Belfast. Image © iStock

Elections in Northern Ireland are always billed as a moment of change and the next polling day is no exception.

But there are limited choices available and voters know it.

Anyone expecting big changes at the heart of Westminster will be disappointed as there will be just 18 MPs and Sinn Fein representatives won’t be taking up their seat.

The big question occupying the national media is just how many of them won’t be turning up to take their seats. If the polls are right, the party could be the biggest winner of seats.

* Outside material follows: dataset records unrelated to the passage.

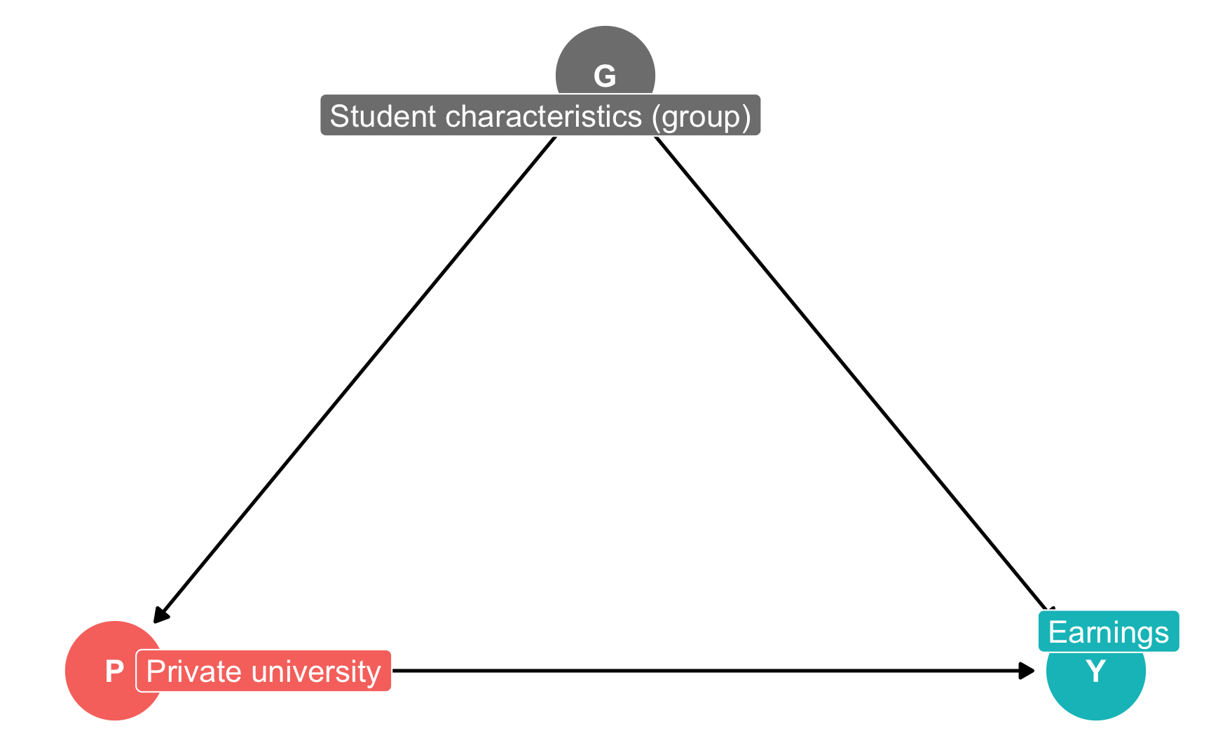dag <-dagify(Y ~ P + G, P ~ G,exposure ="P",outcome ="Y",labels =c(Y ="Earnings", P ="Private university",G ="Student characteristics (group)"),coords =list(x =c(Y =3, P =1, G =2),y =c(Y =1, P =1, G =2)))ggdag_status(dag, use_labels ="label") +guides(color ="none") +# Remove legendtheme_dag()
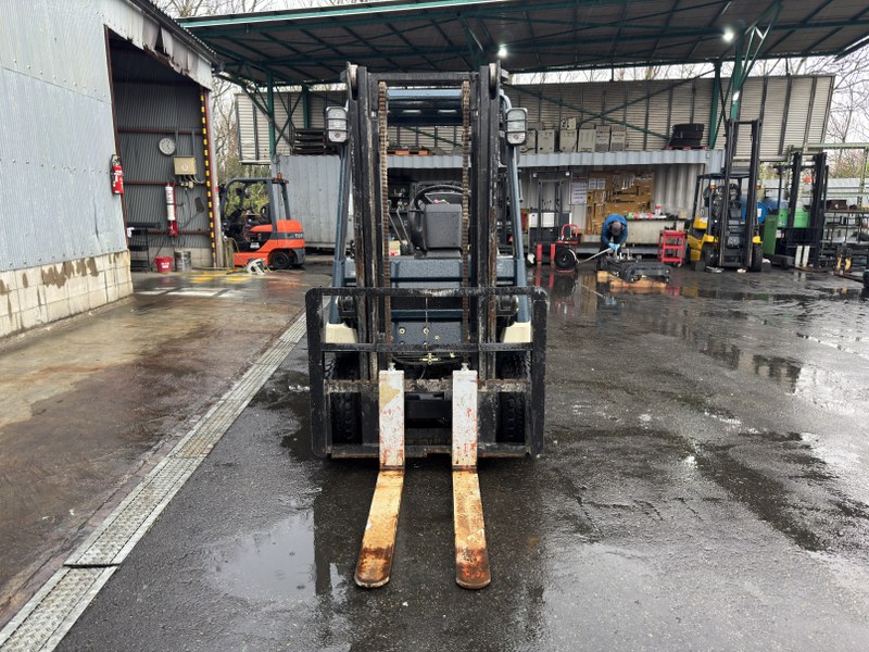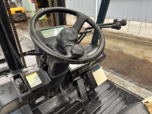 2003年製ではありますが、アワーメーターは3006時間と、年数を考えると非常に稼働が少ない希少な個体です。バッテリー車のため排気ガスが出ず、音も静かなので、屋内倉庫や店舗裏などでの作業に最適です。爪の長さは920mmの短爪仕様となっており、狭い通路での切り返しやコンパクトな荷役において、抜群の取り回しやすさを発揮します。
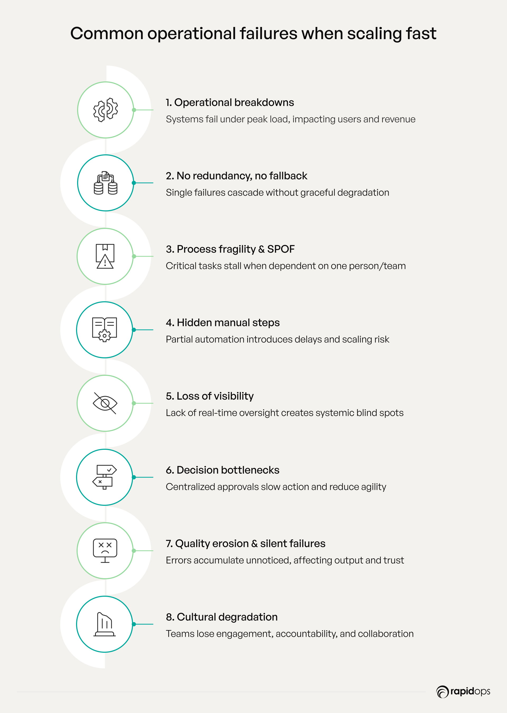 These failures are not random; they are the predictable result of systems, processes, and cultures that were never designed for scale. Recognizing and addressing these patterns proactively allows organizations to avoid costly breakdowns, maintain quality, preserve team morale, and grow sustainably, turning scaling from a risk-laden challenge into a controlled, strategic advantage that supports both operational and business objectives.
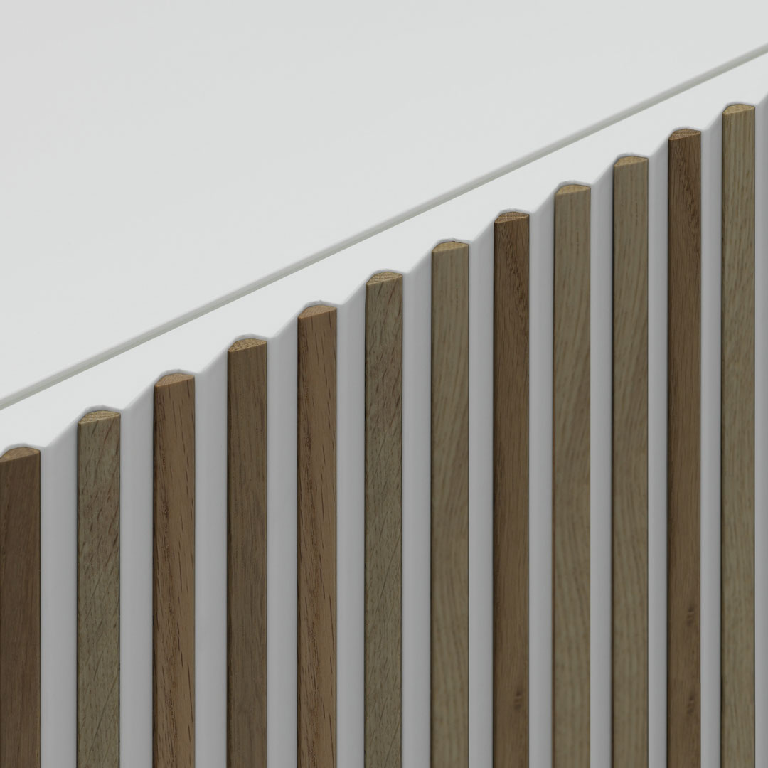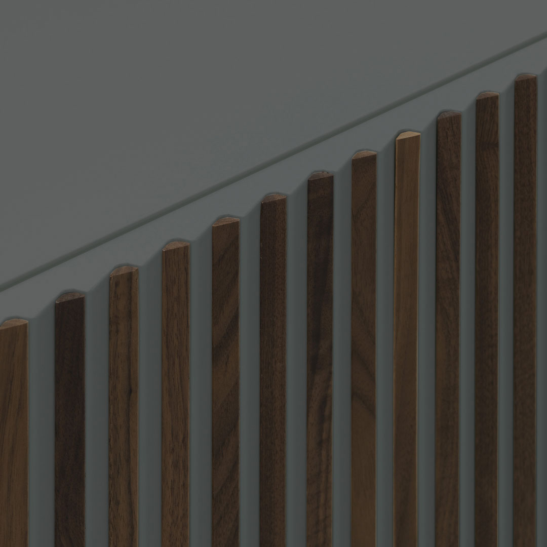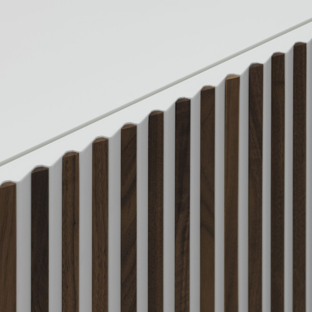 I listelli di legno sul frontale e le campiture laccate di Leon Decor generano un cambio di colore intuitivo: guardandolo da destra prevale il corpo laccato, da sinistra spiccano i decori in essenza, come un piccolo esperimento di percezione da vivere ogni giorno. La composizione rimane ordinata, ma mai statica: è un accento sofisticato per interni contemporanei che cercano rigore, versatilità e identità visiva.

But the bigger question is what will they be able to achieve given there is a backlog of demand due to the shutdown of Stormont and there won’t be any new money. That comes despite the government’s pledge of a dividend after power-sharing started again.

The NI think-tank Pivotal said: “While total funding in 24-25 is up 7% on the budget set at the start of last year, it is 2% less than the total amount spent by depts by the end of last year. So there is no uplift at all on the amount actually spent last year.”

It added: “There is nothing available to pay for new spending unless it can be found by cutting existing spending or efficiencies.”

One local independent media outlet described Northern Ireland as “the punchbag of austerity”.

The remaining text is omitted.